The Directors are responsible for keeping adequate accounting records that are sufficient to show and explain the Company's transactions and disclose with reasonable accuracy at any time the financial position of the Company and enable them to ensure that the financial statements comply with the Companies Act 2006. They are also responsible for safeguarding the assets of the Company and hence for taking reasonable steps for the prevention and detection of fraud and other irregularities.
The Directors are responsible for the maintenance and integrity of the corporate and financial information included on the Company's website.
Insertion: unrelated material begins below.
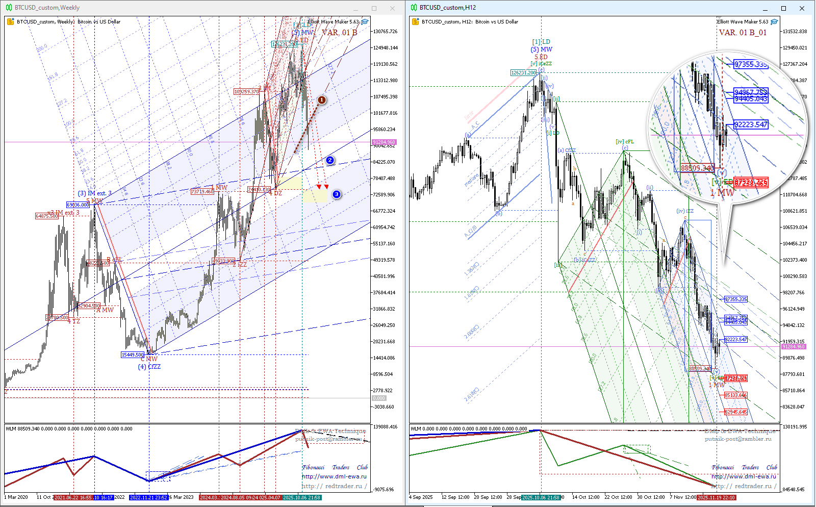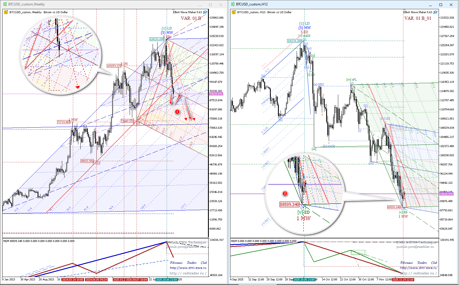 Но на младших волновых уровнях пока нет пробоя границ красных зон, соответственно нет и подтверждения формирования восходящего разворота (см. график справа).

Legislation in the United Kingdom governing the preparation and dissemination of financial statements may differ from legislation in other jurisdictions.
We confirm that to the best of our knowledge:
* the financial statements, prepared in accordance with International
Financial Reporting Standards, give a true and fair view of the assets, liabilities, financial position and profit or loss of the Company and the undertakings included in the consolidation taken as a whole; and * the management report, which is incorporated into the Directors' Report, includes a fair review of the development and performance of the business and the position of the Company and the undertakings included in the consolidation taken as a whole, together with a description of the principal risks and uncertainties that they face.
By order of the Board David Sleath Justin Read Chief Executive Group Finance Director 26 February 2013 26 February 2013
FORWARD LOOKING STATEMENTS
This Annual Report contains certain forward looking statements with respect to SEGRO's expectations and plans, strategy, management objectives, future developments and performance, costs, revenues and other trend information. These statements and forecasts involve risk and uncertainty because they relate to events and depend upon circumstances that may occur in the future. There are a number of factors which could cause actual results or developments to differ materially from those expressed or implied by these forward looking statements and forecasts. Certain statements have been made with reference to forecast process changes, economic conditions and the current regulatory environment. Any forward looking statements made by or on behalf of SEGRO speak only as of the date they are made. SEGRO does not undertake to update forward looking statements to reflect any changes in SEGRO's expectations with regard thereto or any changes in events, conditions or circumstances on which any such statement is based. Nothing in this Annual Report should be construed as a profit forecast. Past share performance cannot be relied on as a guide to future performance.